For Ona was visibly going to pieces. In the first place she was
developing a cough, like the one that had killed old Dede Antanas. She
had had a trace of it ever since that fatal morning when the greedy
streetcar corporation had turned her out into the rain; but now it was
beginning to grow serious, and to wake her up at night. Even worse than
that was the fearful nervousness from which she suffered; she would have
frightful headaches and fits of aimless weeping; and sometimes she would
come home at night shuddering and moaning, and would fling herself down
upon the bed and burst into tears. Several times she was quite beside
herself and hysterical; and then Jurgis would go half-mad with fright.
Elzbieta would explain to him that it could not be helped, that a woman
was subject to such things when she was pregnant; but he was hardly to
be persuaded, and would beg and plead to know what had happened. She
had never been like this before, he would argue--it was monstrous and
unthinkable.
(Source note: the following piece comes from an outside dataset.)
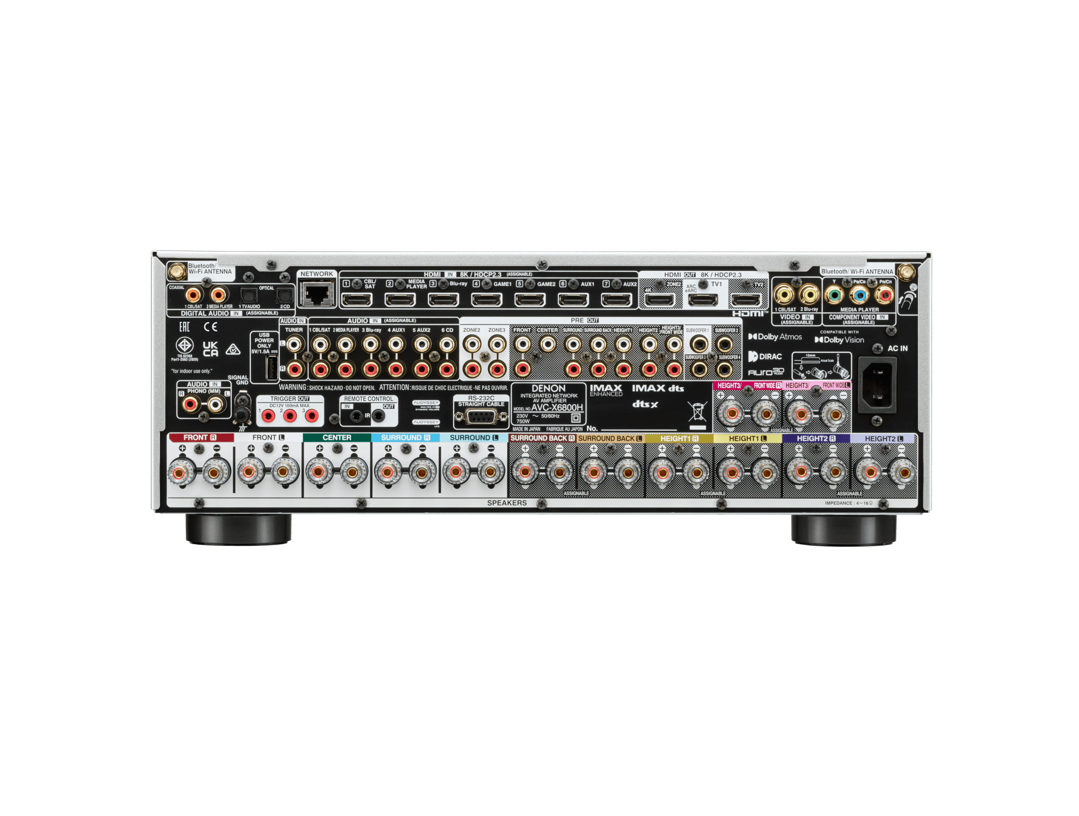 Denon AVC-X6800H Silver — AV‑усилитель для домашних кинотеатров с поддержкой 11.4 каналов усиления и передовой цифровой схемотехникой. Устройство оснащено 11 дискретными усилительными каналами (с возможностью обработки до 13.4 каналов) и способно выдавать порядка 140 Вт на канал при нагрузке 8 Ом (THD 0,05 %, 20 Гц-20 кГц, 2 канала). Аппарат поддерживает объемный звук в форматах Dolby Atmos, DTS:X, Auro‑3D и IMAX Enhanced, а также обеспечивает видео-проходку и апскейлинг до 8K через восемь HDMI-входов и три выхода, включая eARC. Интегрированная платформа HEOS позволяет организовать многозонное беспроводное аудио с поддержкой потоковых сервисов и голосового управления. Корпус устройства металлический, с усиленным шасси и системой охлаждения, рассчитанной на стабильную работу под нагрузкой в крупных аудио-/видео инсталляциях.

It was the life she had to live, the accursed work she had
to do, that was killing her by inches. She was not fitted for it--no
woman was fitted for it, no woman ought to be allowed to do such work;
if the world could not keep them alive any other way it ought to kill
them at once and be done with it. They ought not to marry, to have
children; no workingman ought to marry--if he, Jurgis, had known what a
woman was like, he would have had his eyes torn out first. So he would
carry on, becoming half hysterical himself, which was an unbearable
thing to see in a big man; Ona would pull herself together and fling
herself into his arms, begging him to stop, to be still, that she would
be better, it would be all right. So she would lie and sob out her
grief upon his shoulder, while he gazed at her, as helpless as a wounded
animal, the target of unseen enemies.